▶ Raw data:
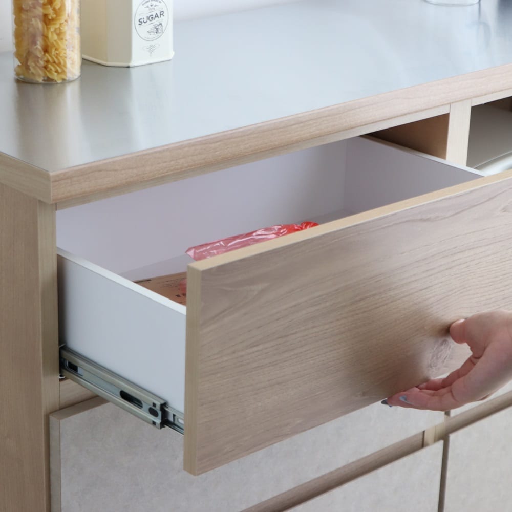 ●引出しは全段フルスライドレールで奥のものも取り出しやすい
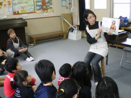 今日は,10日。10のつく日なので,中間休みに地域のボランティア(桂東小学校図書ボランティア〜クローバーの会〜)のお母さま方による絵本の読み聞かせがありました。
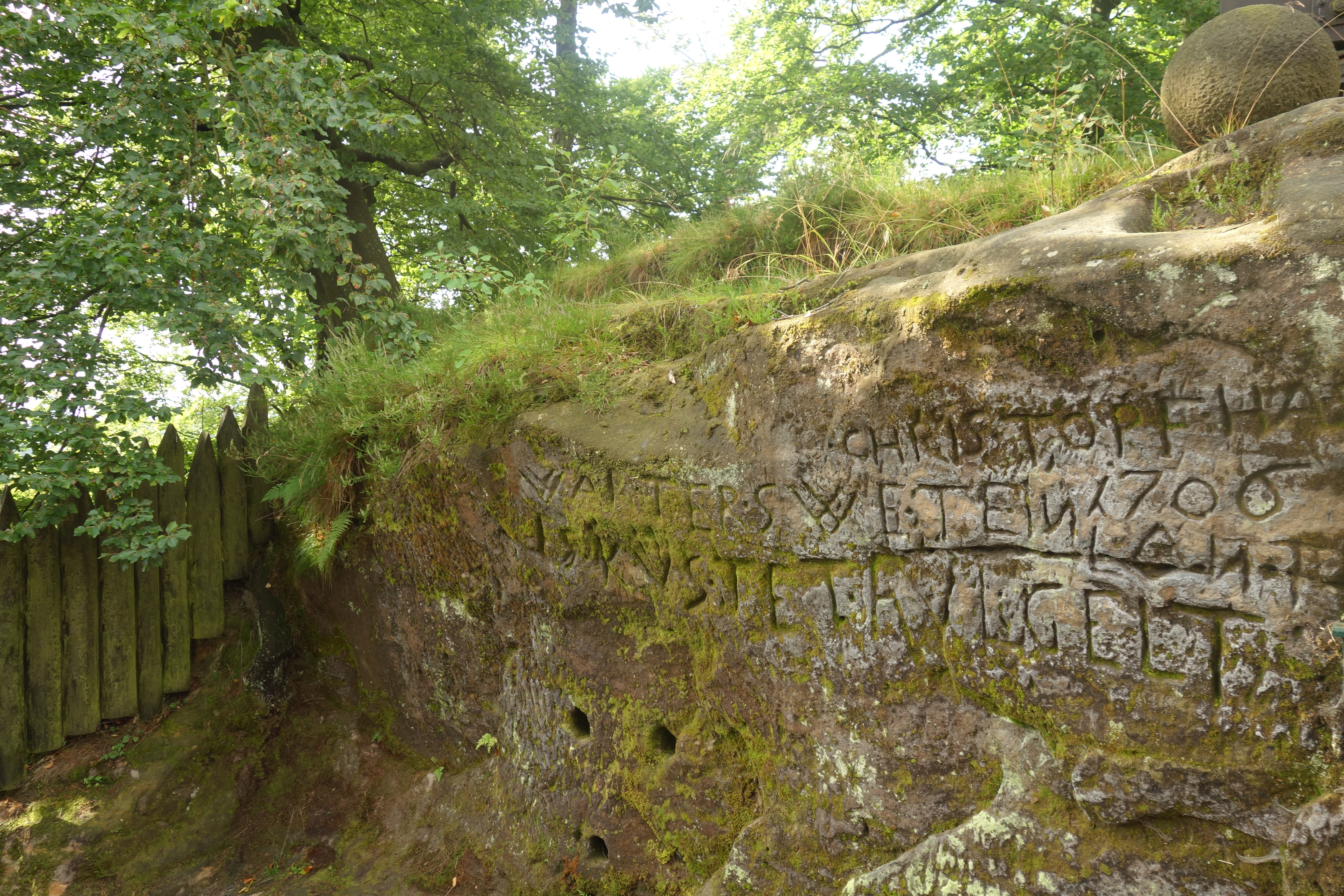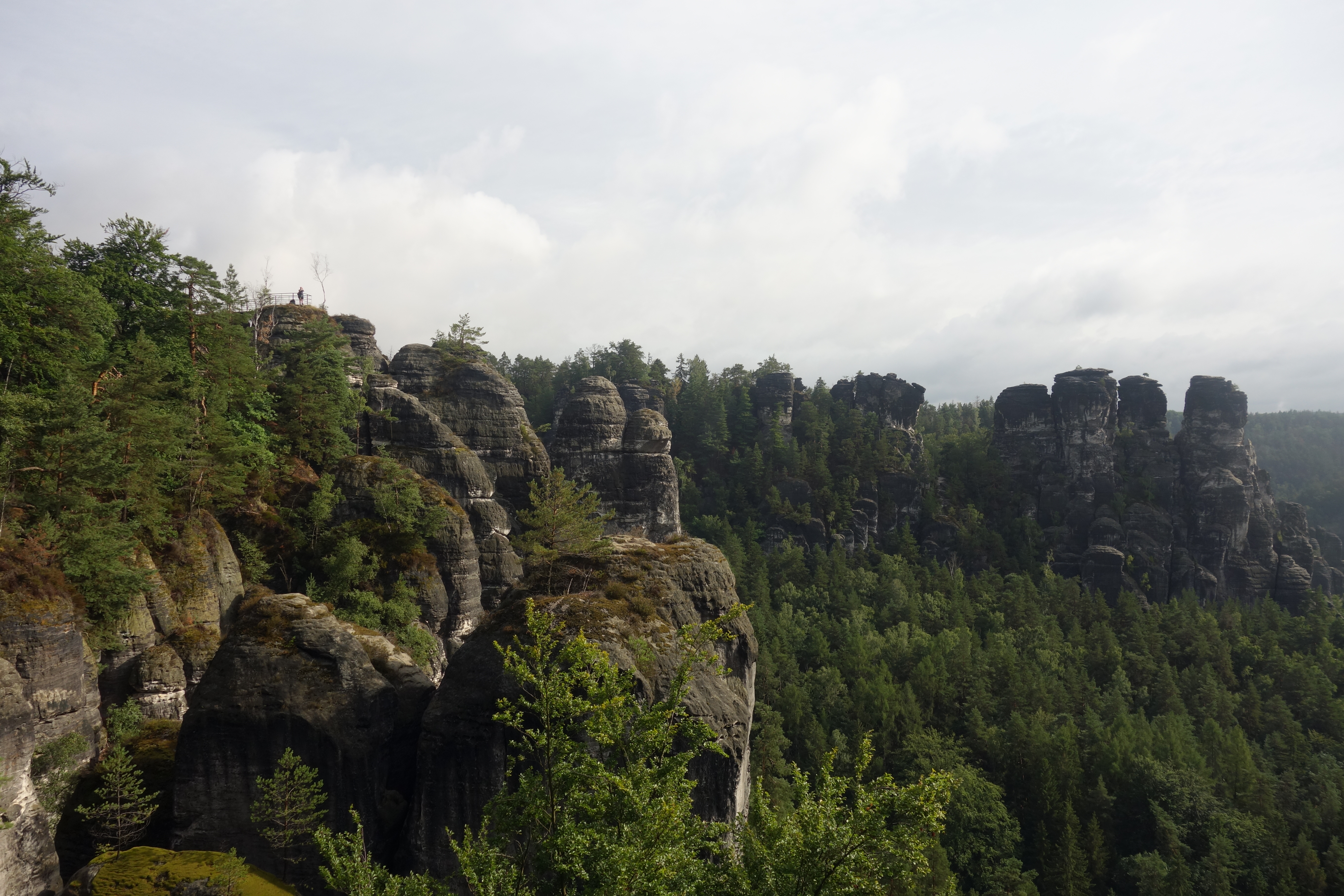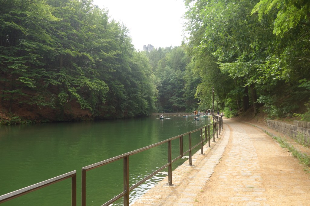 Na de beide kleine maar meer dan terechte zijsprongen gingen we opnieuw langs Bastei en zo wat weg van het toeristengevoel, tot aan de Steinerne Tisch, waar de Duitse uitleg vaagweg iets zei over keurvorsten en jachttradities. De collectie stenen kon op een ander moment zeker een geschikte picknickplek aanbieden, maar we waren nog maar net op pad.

▶ Exercise requirements: Could you return, word for word, every line from the line with "今日は,10日。10のつく日" through the last line of the listing above, both ends included, without any pictures?

▶ Finished exercise:
 今日は,10日。10のつく日なので,中間休みに地域のボランティア(桂東小学校図書ボランティア〜クローバーの会〜)のお母さま方による絵本の読み聞かせがありました。
 Na de beide kleine maar meer dan terechte zijsprongen gingen we opnieuw langs Bastei en zo wat weg van het toeristengevoel, tot aan de Steinerne Tisch, waar de Duitse uitleg vaagweg iets zei over keurvorsten en jachttradities. De collectie stenen kon op een ander moment zeker een geschikte picknickplek aanbieden, maar we waren nog maar net op pad.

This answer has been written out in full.